Neurocognitive and EF impairment in psychopathology: A focus on addiction
Many models of Executive Functions (EF) can be found in literature, yet they are almost universally considered as core constituents of higher cognition. While extensive overlap between the conceptual definitions of EF and of the neighboring construct of metacognition has been critically noted [for a discussion on this topic, see (1)], EF are systematically described as a family of top-down, effortful processes that we rely on to effectively manage cognitive resources and direct behavior when a situation or task requires intentional, strategic, or planned responses, while automatic processing or learned basic responses would not be sufficient or advisable (2). Given their role in supporting self-monitoring, self-regulation, and top-down control of cognitive processes, EF represent a primary mediator of both typical and atypical functioning, with sometimes subtle influence on development and progress of psychopathology.
The transdiagnostic nature of altered EF and neurocognitive impairments in psychopathology is further suggested by the limited evidence for selective and specific cognitive symptoms between psychiatric disorders, an observation that contrasts with the vast amount of empirical observation concerning differences with respect to healthy control subjects. Deficits of EF, specifically, and neurocognitive impairments, globally, showed a systematic—though often underestimated—association with most psychopathological pictures (3–5) and might, therefore, be considered one of the most common transdiagnostic feature across the lifespan (6, 7).

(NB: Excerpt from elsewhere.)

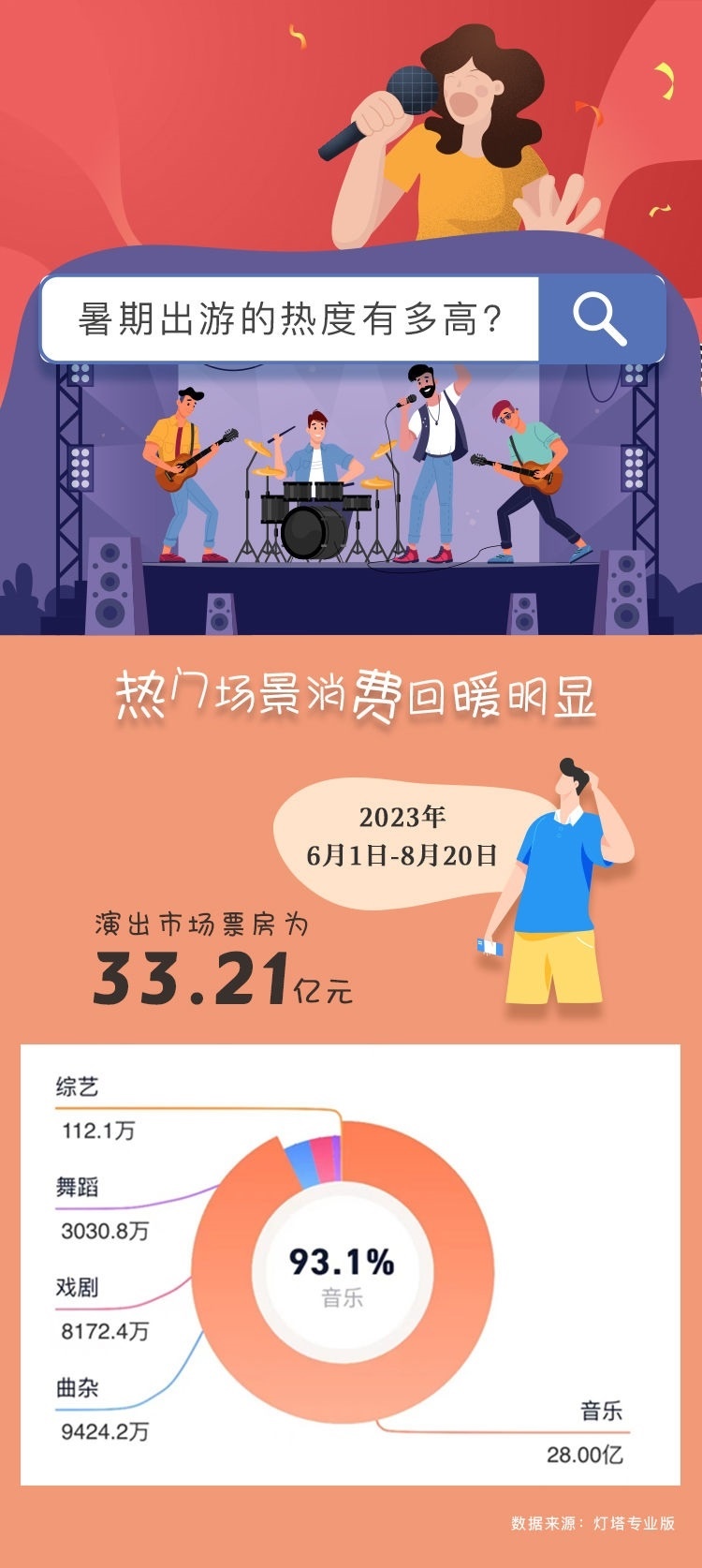 作為演出市場的傳統(tǒng)旺季,暑假期間演唱會、Live house、戲劇、音樂劇等各類熱門演出“一票難求”。根據(jù)燈塔專業(yè)版最新數(shù)據(jù),暑期檔中的6月1日至8月23日演出市場票房已經(jīng)超過30億元,而相當可觀的跨城觀演比例,更引得除了演出票房之外的周邊產(chǎn)業(yè)一起火?!耙粋€演出圈粉一座城”,當?shù)芈糜谓?jīng)濟不斷涌現(xiàn)新的可能。

Focusing on both substance use disorder and behavioral addictions, and going down to specifics with regard to cognitive alterations pairing with such psychiatric pictures, neurocognitive deficits especially affecting higher cognition have been widely documented by numerous studies (8–11). Specifically, executive impairments involving inhibitory control, attribution of salience to stimuli, decision-making, goal-oriented behavior, flexibility in selecting and initiating an action, inverted learning, and error tracking (11–13) have been reported and linked to alterations of the mesocorticolimbic dopaminergic circuits and of the corticostriatal glutamatergic circuits in prefrontal regions. Notably, according to neurocognitive models of addiction (13, 14), the negative impact of such cognitive deficits is further increased since they contribute to making more difficult to decide to stop using the substance of abuse or enacting dysfunctional behaviors, as well as to persist in this decision (15, 16). The ability to develop conscious decision-making strategies and the efficiency of self-awareness and metacognition also appear to be partially compromised, as happens in pathologies that involve similar deficits in neural circuits that foster decision-making processes (17–19).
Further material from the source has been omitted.